In three dimensions, we have three perpendicular lines.

In four dimensions, it becomes slightly more completed since we live in 3 Dimensional world so visualizing these 4 dimensions is near impossible without the help of mathematics. We can, however, orient our 4 perpendicular lines so that the 4th, new, lines denotes our 4th dimension.

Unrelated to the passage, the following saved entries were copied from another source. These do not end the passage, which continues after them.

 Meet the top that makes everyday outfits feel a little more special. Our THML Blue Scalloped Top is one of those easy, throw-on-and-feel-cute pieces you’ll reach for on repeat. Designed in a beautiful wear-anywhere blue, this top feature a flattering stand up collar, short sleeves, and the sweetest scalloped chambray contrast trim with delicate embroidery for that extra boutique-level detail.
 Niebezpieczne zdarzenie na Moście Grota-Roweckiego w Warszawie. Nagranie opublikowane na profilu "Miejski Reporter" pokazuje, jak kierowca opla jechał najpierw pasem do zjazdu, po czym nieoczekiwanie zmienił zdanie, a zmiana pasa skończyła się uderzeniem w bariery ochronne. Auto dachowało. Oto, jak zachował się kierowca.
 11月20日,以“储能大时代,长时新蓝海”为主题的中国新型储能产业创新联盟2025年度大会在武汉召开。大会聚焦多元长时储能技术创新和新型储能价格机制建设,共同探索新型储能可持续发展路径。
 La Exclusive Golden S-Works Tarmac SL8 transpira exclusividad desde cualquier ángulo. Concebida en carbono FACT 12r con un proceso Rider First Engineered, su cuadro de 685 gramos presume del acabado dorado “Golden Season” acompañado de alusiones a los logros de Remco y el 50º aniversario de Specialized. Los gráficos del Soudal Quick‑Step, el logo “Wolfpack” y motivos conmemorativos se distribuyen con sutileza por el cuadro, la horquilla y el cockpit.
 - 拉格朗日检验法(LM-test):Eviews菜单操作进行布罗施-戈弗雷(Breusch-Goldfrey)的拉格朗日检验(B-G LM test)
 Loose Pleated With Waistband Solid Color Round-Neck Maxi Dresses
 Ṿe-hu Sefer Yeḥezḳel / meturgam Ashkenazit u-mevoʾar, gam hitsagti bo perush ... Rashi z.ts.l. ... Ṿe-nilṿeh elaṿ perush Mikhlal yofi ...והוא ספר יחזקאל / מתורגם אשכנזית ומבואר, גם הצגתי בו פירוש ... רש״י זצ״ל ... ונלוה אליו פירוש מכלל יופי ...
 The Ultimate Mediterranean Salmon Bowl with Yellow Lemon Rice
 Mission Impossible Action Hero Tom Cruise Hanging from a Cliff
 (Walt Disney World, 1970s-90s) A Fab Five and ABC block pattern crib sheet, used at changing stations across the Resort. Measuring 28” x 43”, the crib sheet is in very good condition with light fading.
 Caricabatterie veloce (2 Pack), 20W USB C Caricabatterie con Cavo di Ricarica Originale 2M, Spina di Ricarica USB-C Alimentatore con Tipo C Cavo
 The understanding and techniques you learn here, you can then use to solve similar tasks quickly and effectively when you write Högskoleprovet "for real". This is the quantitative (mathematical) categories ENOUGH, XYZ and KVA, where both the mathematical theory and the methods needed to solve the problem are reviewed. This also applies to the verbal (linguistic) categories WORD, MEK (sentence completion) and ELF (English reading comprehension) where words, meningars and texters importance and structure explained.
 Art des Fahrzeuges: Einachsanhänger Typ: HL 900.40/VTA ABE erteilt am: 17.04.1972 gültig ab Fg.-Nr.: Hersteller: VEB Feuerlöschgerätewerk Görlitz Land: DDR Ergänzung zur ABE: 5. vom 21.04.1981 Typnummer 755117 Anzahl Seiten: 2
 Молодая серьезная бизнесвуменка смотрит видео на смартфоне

There is, however, another way of expressing the point in space in 2-Dimensions. We can measure the distance the point is from the origin, or the zero point, and the angle between the positive x-axis and the a line pointing at the point. We can see that the range of values for the angle, $\theta$, is between $0$ and $2\pi$. So, in turn, we can figure out what the cartisiean coordinates are from the polar coordinates with the following equations

\begin{align}

x&=r\cos{\theta} \\

y&=r\sin{\theta}

\end{align}

For 3-Dimensions, start with a projection, for a point, onto the xy-plane therefore leaving us with the equation for polar coordinates and a zero for the $z$.

\begin{align}

x&=r\cos{\theta} \\

y&=r\sin{\theta} \\

z&=0

\end{align}

Now, we need another rotation denoting variable in order to represent rotation into the z-axis, I will use $\varphi$. We only need to denote the angle between the positive z-axis and the point, the range for the angle is between $0$ and $\pi$, leading to the equations.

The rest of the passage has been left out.